_What to produce_
From the entries below, copy every line where the string "cinchona" appears.

[[ Data for review, beginning ]]

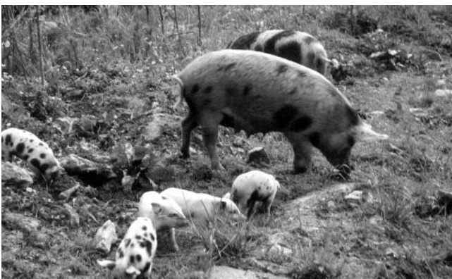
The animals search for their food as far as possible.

[[ Data for review, end ]]
[[ Data for review, beginning ]]

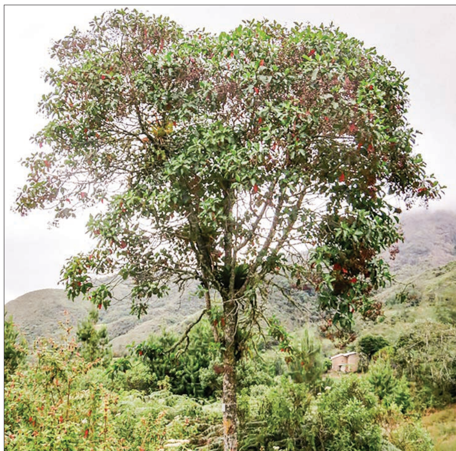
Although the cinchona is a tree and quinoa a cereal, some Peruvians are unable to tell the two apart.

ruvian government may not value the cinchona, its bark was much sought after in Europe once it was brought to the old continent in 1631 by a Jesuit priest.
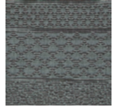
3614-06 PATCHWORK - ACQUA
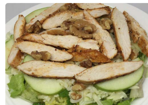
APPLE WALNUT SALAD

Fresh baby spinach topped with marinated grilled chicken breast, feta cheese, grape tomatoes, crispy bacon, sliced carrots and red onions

[[ Data for review, end ]]

_Expected answer_
Although the cinchona is a tree and quinoa a cereal, some Peruvians are unable to tell the two apart.
ruvian government may not value the cinchona, its bark was much sought after in Europe once it was brought to the old continent in 1631 by a Jesuit priest.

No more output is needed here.